When it comes to skincare products, we know that what goes into our favorite creams and serums matters. Antioxidant-rich and vitamin C-infused formulations mean brighter skin, as well as fewer lines and dry patches. But the key to a vibrant complexion may also lie in what you put in your body, say nutrition experts.
“The health of our skin, hair and nails is closely linked to our diet: Antioxidants in foods, as well as vitamins, minerals, fluids and fats, affect the texture, appearance and health of all these things,” says registered dietitian Abby Langer.
Get a gorgeous complexion by adding a few more skin superfoods at mealtimes. Follow our expert-approved eating tips for healthy, radiant skin from head to toe.
A study published by the British Journal of Nutrition found that women who ate a higher amount of green and yellow vegetables, which contain vitamin C, showed fewer wrinkles, particularly crow’s feet. One yellow bell pepper contains more than double your daily requirement of C – that’s more than your morning glass of OJ. When you’re shopping, opt for the brightest peppers in the bunch because they contain the most nutrients, particularly powerful antioxidants that protect skin cells from damaging free radicals and stimulate collagen production. End result: You’ll be able to put your best face forward.
Get more: Score more vitamin C by eating broccoli, kale, bell peppers, cantaloupes, strawberries, kiwi fruit, mango and guava.
Boost hydration by consuming fatty fish like wild salmon, anchovies, sardines and mackerel – some of the best food sources of omega-3 fatty acids. Not only can these fatty acids help with brain and cardiovascular health but they can give us great skin, too.

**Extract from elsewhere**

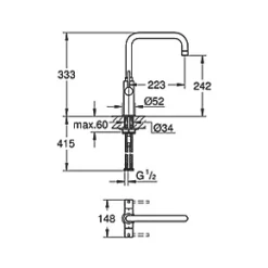 Dual-handle set up with ceramic quarter turn valves. Quad spout registers lower in height than typical swan spouts, so it can be more suitable when specified under shelving or wall cabinets.

As they lubricate internally, they keep the surface of your skin moisturized and supple. “Collagen provides integrity, firmness and elasticity,” says Samantha Gladish, a registered holistic nutritionist. “Maximizing collagen levels will keep skin supple and help prevent wrinkles.”
Get more: Our body can’t produce omega-3 fatty acids, so we tend to rely on food sources. Nourish skin and capitalize on the benefits of this essential fat by loading up on other sources, like walnuts and flaxseed.
Our hair, like our nails, is mainly comprised of protein, and eating just two eggs provides roughly 25 percent of your daily recommended intake (pregnancy, weight and physical activity levels affect the amount your body needs). “This compact powerhouse is rich in both protein and biotin, a B vitamin that is essential for hair growth and that helps nourish the scalp,” says Gladish. Biotin helps produce keratin, the hair’s main protein.
Get more: Supplement your diet with protein-rich foods that include poultry, meat, beans, nuts and whey protein. Almonds, salmon and avocado also contain the hair-healthy B vitamin.
These nuts are packed with magnesium, a key nutrient for ensuring nail resiliency. If you’re not getting enough, vertical or horizontal ridges on your nails, known as Beau’s lines, can indicate a deficiency.
Almonds are also loaded with protein, an essential building block of healthy nails and hair. “Consuming good sources of protein is essential for strong, healthy nails,” says Joy McCarthy, a nutritionist and author of Joyous Health.
Get more: Pumpkin and sunflower seeds, quinoa, soybeans and whole grains are all high in magnesium and contain protein, too.